Boston keratoprostheses, unmodified or with a smooth Ti or TiSB sleeve around the stem, were implanted in two rabbits each, using the same technique used in humans. All the devices were retained, without signs of infection or inflammation. One month after implantation, animals were euthanized, the eyes were enucleated and a corneal-scleral ring was excised from the globe. A full thickness tangential cut was performed on the cornea, and the tissue was removed manually from the stem. In the rabbits implanted with either a standard B-Kpro or with a smooth Ti sleeve, the cornea was removed easily from the stem. In the rabbits implanted with a TiSB sleeve, the force required to remove the tissue was clearly (albeit subjectively) greater. 
Scanning electron microscopy imaging of the explanted devices (Fig. 7) showed few tissue remnants on the standard B-Kpro (Fig. 7A) or the B-Kpro with a smooth Ti sleeve (Fig. 7B), with larger areas without any tissue residue. The B-Kpros with the TiSB sleeves (Fig. 7C) showed much more tissue residue, covering the implants. 
Figure 7
 
Scanning electron microscopy of B-Kpros after implantation in rabbits. FP, front plate; BP, back plate. Arrows indicate the remains of corneal tissue attached to the stem.
Figure 7
 
Scanning electron microscopy of B-Kpros after implantation in rabbits. FP, front plate; BP, back plate. Arrows indicate the remains of corneal tissue attached to the stem.
One additional animal implanted with B-Kpro with a TiSB sleeve around the stem was followed for 10 months. As at 1 month, this B-Kpro required greater force to remove. On SEM image (Fig. 7D), the sleeve was completely covered with a thick layer of fibrous material. 
Discussion
Since its introduction in 1974,1 the B-Kpro has become an important surgical option for cases where a standard corneal transplantation has an increased risk of graft failure. However, despite providing immediate restoration of visual acuity, thanks to its almost perfect optical qualities (it can allow vision of 20/15), B-Kpro implantation still carries important risks, including glaucoma progression,30 corneal necrosis or keratolysis,3135 and bacterial endophthalmitis.6,7 Among these complications, tissue necrosis has a major role and is of high importance since it may lead to gaps in the interface between the B-Kpro and the carrier cornea,33 which in turn can affect retention and facilitate the entry of bacteria or other microorganisms into the eye, ultimately leading to endophthalmitis. 
Although microbial endophthalmitis after B-Kpro has been drastically reduced in the last decade by use of daily low-dose prophylactic antibiotics,6,36 infectious complications still occur, especially in the developing world.32,37 It has long been suspected that the main contributing factor facilitating the increase in the risk of endophthalmitis could be inadequate integration between the B-KPro and the surrounding corneal tissue. Shapiro et al.5 have recently documented this phenomenon by imaging B-Kpro patients with anterior segment optical coherence tomography (AS-OCT), in which a significant gap could be observed between the stem of the device and the corneal graft tissue. The aim of this study has been to identify titanium-based materials that would improve the attachment (or biointegration)29 between the corneal donor tissue and the B-Kpro. 

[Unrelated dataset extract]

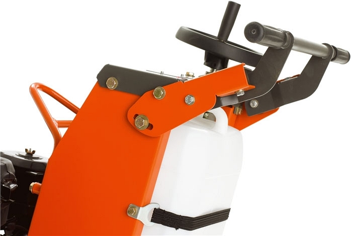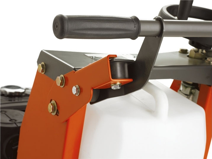 - Большой водяной бак, изготовленный из ударопрочного пластика с быстросоединяемым подключением водяного шланга к верхней части защитного кожуха режущего диска, для отсоединения не требуется никаких инструментов

Biointegration or a tight attachment between implanted medical devices and body tissues directly influences clinical outcomes, including tissue breakdown and infection, ultimately having an impact on safety and efficacy.810 The strength of attachment will depend on the chemical composition and the topography of the surface of the implanted material. It has been demonstrated that materials with a highly hydrophilic surface and high surface roughness induce better tissue attachment in vivo.16,21 The ex vivo and in vivo data in our study also found that the materials with the most hydrophilic surface or the highest roughness demonstrated a stronger cellular attachment. 
Titanium is very well tolerated in the eye.19 In 1993, the first successful use of titanium in a keratoprosthesis was reported. The device consisting of a PMMA optic with a tantalum-titanium alloy haptic was implanted in humans.19 The extrusion rate in this study was 3% to 13% depending upon the operative techniques used, and aseptic corneal necrosis presented in 11% of the cases. Three years later, an experimental keratoprosthesis was developed that included an intrastromal haptic made of titanium.20 The mild inflammatory reaction in rabbit corneas was consistent with that found after any medical device implantation. A more recent study has evaluated the use of titanium oxide in vitro. In this study, TiO2 enhanced keratocyte cell integration and cell adhesion, while at the same time presenting antibacterial properties, suggesting it could be used as candidate material for an artificial corneal skirt.13 Titanium has recently become a major component of the B-Kpro; the most recent version includes a back plate made of medical grade titanium alloy (also containing aluminum and vanadium).2 This experience informed our decision to use titanium in this study. However, none of the previous studies addressed the potential for titanium to enhance mechanical adherence between cornea and keratoprosthesis in vivo. 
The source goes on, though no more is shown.